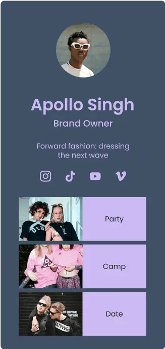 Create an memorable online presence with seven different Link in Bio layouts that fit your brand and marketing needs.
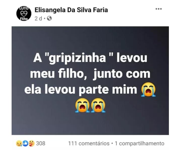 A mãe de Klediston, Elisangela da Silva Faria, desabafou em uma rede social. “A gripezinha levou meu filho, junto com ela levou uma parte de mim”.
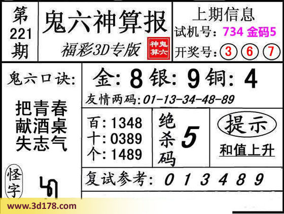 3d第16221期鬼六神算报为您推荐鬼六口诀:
--------------------------------------------------
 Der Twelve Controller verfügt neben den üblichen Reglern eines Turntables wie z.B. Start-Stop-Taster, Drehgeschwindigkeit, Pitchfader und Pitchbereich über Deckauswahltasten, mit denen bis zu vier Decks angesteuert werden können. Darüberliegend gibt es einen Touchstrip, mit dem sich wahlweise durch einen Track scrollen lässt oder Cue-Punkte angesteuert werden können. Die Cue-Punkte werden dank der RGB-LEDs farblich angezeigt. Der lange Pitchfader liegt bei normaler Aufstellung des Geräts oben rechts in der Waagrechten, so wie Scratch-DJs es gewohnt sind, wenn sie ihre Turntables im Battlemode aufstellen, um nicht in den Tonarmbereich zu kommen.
--------------------------------------------------
__What the task asks__
From the records above, transcribe only the stretch from the line with "Create an memorable" through the line with "A mãe de Klediston, Elisangela", keeping both ends. Omit pictures.

__Written reply__
 Create an memorable online presence with seven different Link in Bio layouts that fit your brand and marketing needs.
 A mãe de Klediston, Elisangela da Silva Faria, desabafou em uma rede social. “A gripezinha levou meu filho, junto com ela levou uma parte de mim”.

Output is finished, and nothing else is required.